The Situation
A single user’s laptop at a large pharmaceutical company was infected with CryptoLocker ransomware.
This malware encrypts the user’s files and withholds the encryption key until you pay the ransom amount. The laptop was connected to the corporate network which allowed the malware to infect a CIFS volume which was set up as a file share on a NetApp FAS. The malware was able to infiltrate the file share and encrypt the majority of the files. The IT team was not notified of the infection until after the backup retention period had expired, meaning that the backup contained only encrypted data. The total impact resulted in inaccessible data on:
- 46 drives
- 1 aggregate
- 1 volume infected on a RAID-DP
To perform the recovery, the aggregate needed to be taken offline, which affected 17 volumes in total.
The Solution
The customer brought their 46 drives into our New Jersey lab for evaluation and Ontrack engineers got to work on a solution.

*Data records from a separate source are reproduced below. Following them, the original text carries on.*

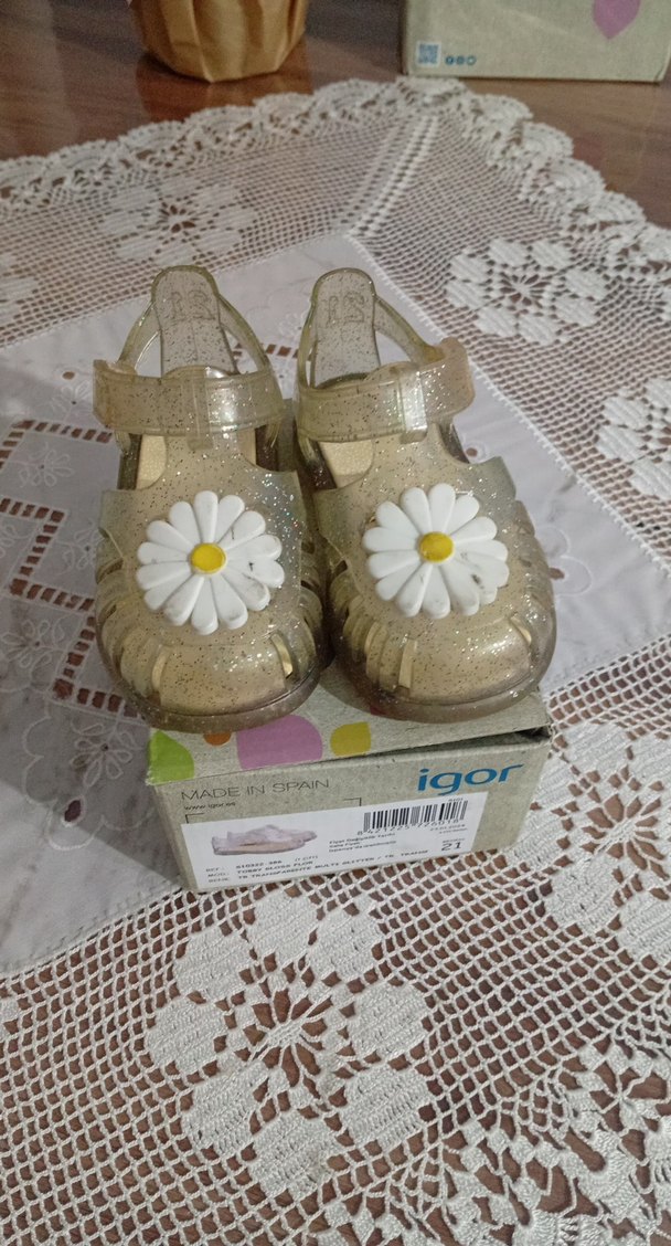 Işıltılı plastikten yapılmış, beyaz papatya detaylı kız çocuk sandaletleri. Rahat ve kullanışlıdır. kaymaz taban sıfır gibi makinede yıkanılabilir hiçbir deformasyon olmuyor ben yıkamadım bir hafta kullandık çok fazla memnunuz yıllardır tercih ettiğimiz model ve marka.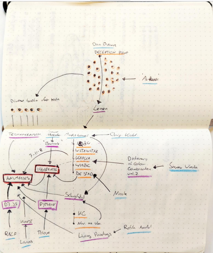Versie drie krijgt daarom een organische vorm in het midden. Daarnaast voeg ik hier weer kleur aan toe: een kleur voor personen die bijdroegen en een kleur voor ideeën met een directe lijn naar het idee: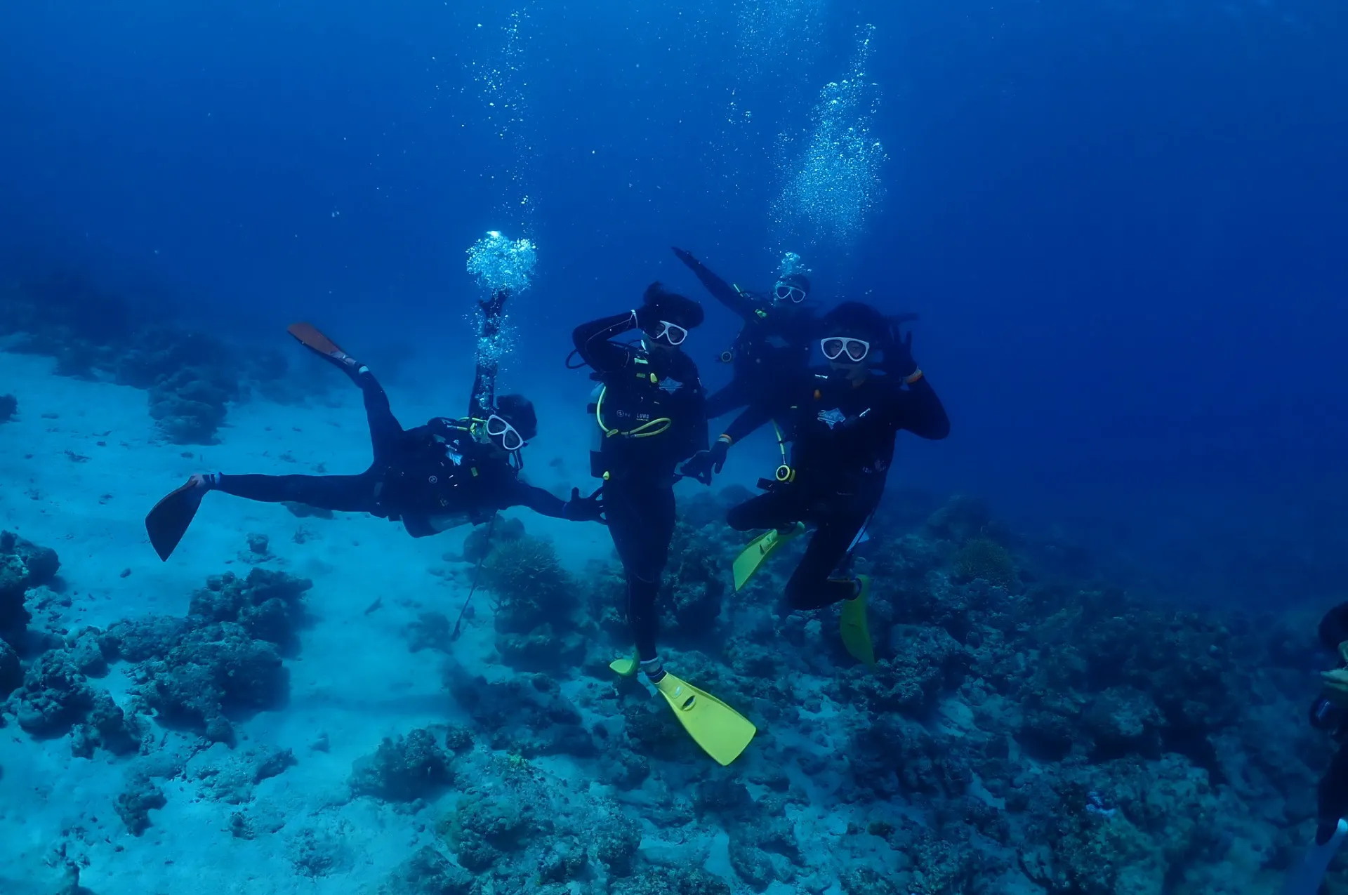 体験ダイビングチームはリピーター様でみんな上手に潜ることができて最後はウミガメにも出会えて楽しんでいただけました!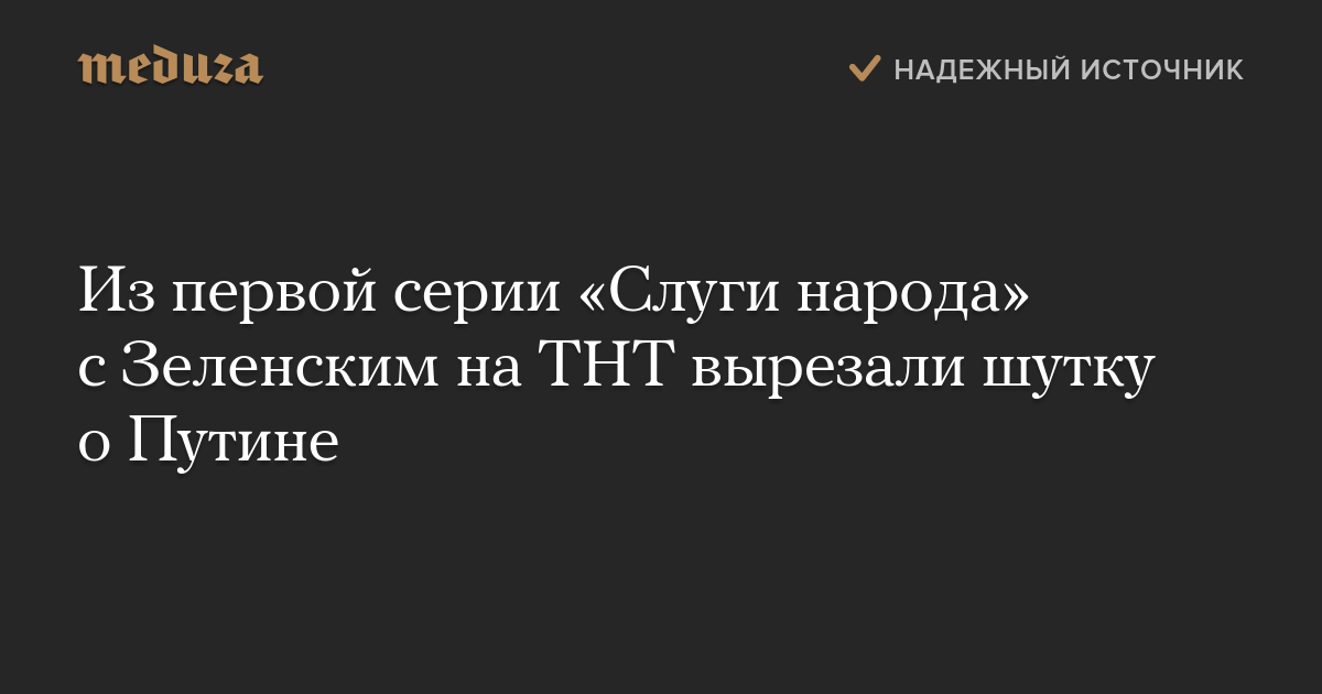 Телеканал ТНТ вырезал шутку о президенте России Владимире Путине из первого эпизода сериала «Слуга народа», где главную роль сыграл президент Украины Владимир Зеленский. Шутку убрали из серии, показанной в Москве, пишет «Русская служба „Би-би-си“». Также об этом сообщают пользователи соцсетей.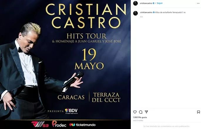 Según su reciente publicación en Instagram, Cristian Castro le rendirá un emotivo homenaje a Juan Gabriel y José José. Entre una extensa lista de estrellas internacionales que están en la cola para presentarse en Caracas, el cantante está feliz por volver a Venezuela. Incluso, escribió: “Años de extrañarte Venezuela!!!”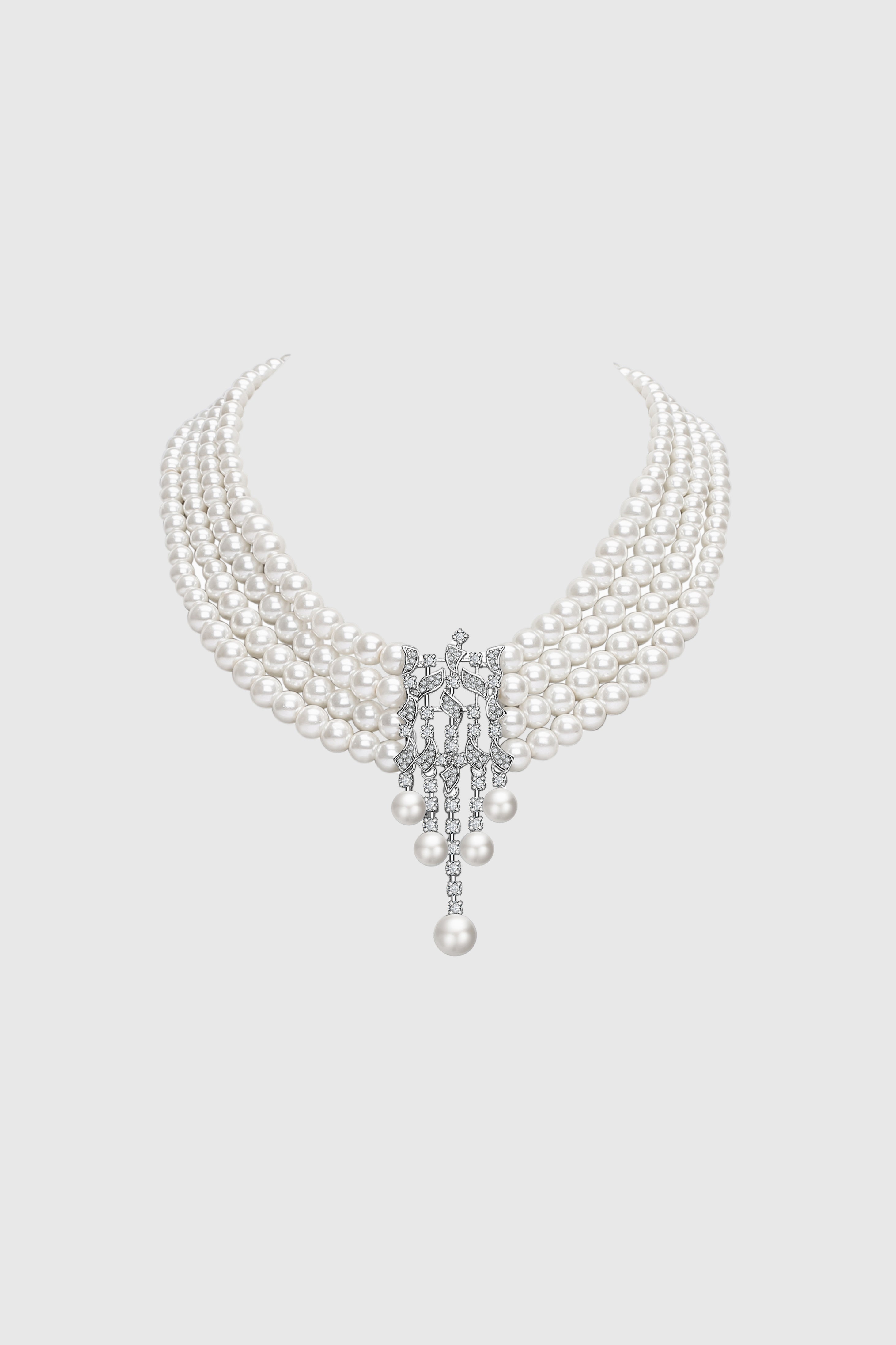 Rhinestone Studded Multi-layer Pearl Necklace

The engineering team from Ontrack:
- Virtually rebuilt the RAID groups which were strewn across 10 different shelves
- Virtually rebuilt the aggregate
- Virtually rebuilt the critical volume
An additional challenge on this recovery was that the aggregate was in use for two weeks after the incident occurred which resulted in some data being overwritten.
The Resolution
Ontrack was able to virtually rebuild the volume containing the CIFS share and encrypted data.
Leveraging NetApp’s proprietary OS (OnTap) and file system (WAFL), Ontrack engineers used multiple consistency points to “walk back” in time to find and merge unencrypted copies of the critical data to return to the customer. This type of ransomware recovery is only possible on storage like NetApp’s FAS because of the way the data is stored on the volume.